You can access attributes of a Tag object in the same way that you would access values from a dictionary.

In [15]:
first_image['src']

'/static/images/icons/wikipedia.png'

You can also safely access attributes using `.get`. This might be useful if, for example, you aren't sure if a particular Tag or all tags had a certain attribute.

In [16]:
# Non-safe
first_image['class']

['mw-logo-icon']

In [17]:
# Safe
first_image.get('class')

['mw-logo-icon']

You can also specify a default value when using `get`.

In [18]:
first_image.get('class', default = 'No Class')

['mw-logo-icon']

If you want to grab a particular attribute for all images, an easy way to do so is with a list comprehension.

In [19]:
image_srcs = [x.get('src') for x in images]

In [20]:
image_srcs

['/static/images/icons/wikipedia.png',
 '/static/images/mobile/copyright/wikipedia-wordmark-en.svg',
 '/static/images/mobile/copyright/wikipedia-tagline-en.svg',
 '//upload.wikimedia.org/wikipedia/commons/thumb/3/36/Maurice_Vincent_Wilkes_1980_%283%2C_cropped%29.jpg/80px-Maurice_Vincent_Wilkes_1980_%283%2C_cropped%29.jpg',
 '//upload.wikimedia.org/wikipedia/commons/thumb/b/bd/Marvin_Minsky_at_OLPCc.jpg/80px-Marvin_Minsky_at_OLPCc.jpg',
 '//upload.wikimedia.org/wikipedia/commons/thumb/4/49/John_McCarthy_Stanford.jpg/80px-John_McCarthy_Stanford.jpg',
 '//upload.wikimedia.org/wikipedia/commons/thumb/d/d9/Edsger_Wybe_Dijkstra.jpg/80px-Edsger_Wybe_Dijkstra.jpg',
 '//upload.wikimedia.org/wikipedia/commons/thumb/2/2c/Charles_Bachman_2012.jpg/80px-Charles_Bachman_2012.jpg',
 '//upload.wikimedia.org/wikipedia/commons/thumb/4/4f/KnuthAtOpenContentAlliance.jpg/80px-KnuthAtOpenContentAlliance.jpg',
 '//upload.wikimedia.org/wikipedia/commons/thumb/c/cf/Herbert_A._Simon_and_Allen_Newell_Chess_Match_

We can further navigate the html tree to extract out other bits of information.

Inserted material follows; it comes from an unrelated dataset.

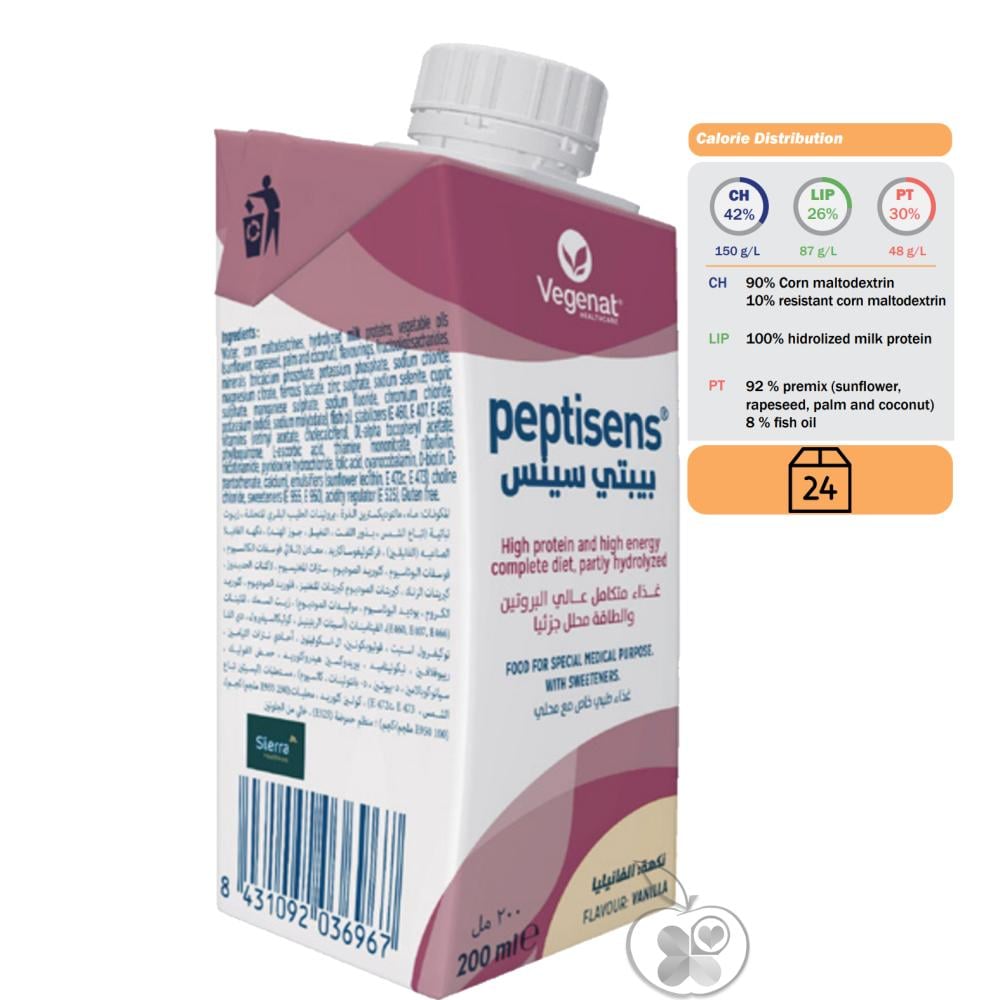 بيبتسينز فانيليا 200 مل - نظام غذائي كامل عالي البروتين والسعرات الحرارية يوفر نظامًا غذائيًا كاملاً يحتوي على نسبة قليلة من البروتين والسعرات الحرارية، وهو متحلل جزئيًا. تساعد تركيبته من الكربوهيدرات بطيئة الامتصاص على التحكم في نسبة السكر في الدم لدى المريض، وهي غنية بحمض EPA وDHA.

When scraping from a web page, you should make use of "View Page Source" and/or "Inspect Element" in your web browswer.

For example, let's say we want to look at the second header on the page.

In [21]:
soup.findAll('header')[1]

<header class="mw-body-header vector-page-titlebar">
<nav aria-label="Contents" class="vector-toc-landmark" role="navigation">
<div class="vector-dropdown vector-page-titlebar-toc vector-button-flush-left" id="vector-page-titlebar-toc">
<input aria-haspopup="true" aria-label="Toggle the table of contents" class="vector-dropdown-checkbox" data-event-name="ui.dropdown-vector-page-titlebar-toc" id="vector-page-titlebar-toc-checkbox" role="button" type="checkbox"/>
<label aria-hidden="true" class="vector-dropdown-label cdx-button cdx-button--fake-button cdx-button--fake-button--enabled cdx-button--weight-quiet cdx-button--icon-only" for="vector-page-titlebar-toc-checkbox" id="vector-page-titlebar-toc-label"><span class="vector-icon mw-ui-icon-listBullet mw-ui-icon-wikimedia-listBullet"></span>
<span class="vector-dropdown-label-text">Toggle the table of contents</span>
</label>
<div class="vector-dropdown-content">
<div class="vector-unpinned-container" id="vector-page-titlebar-toc-unpinne

Similar to using `find` and `findall` in the full soup, we can use the `.find` method just within a Tag.

In [22]:
soup.findAll('header')[1].find('h1').get('id')

'firstHeading'

In [23]:
soup.findAll('header')[1].find('h1').text

'Turing Award'

Now, let's look for the table containing the Turing Award winners.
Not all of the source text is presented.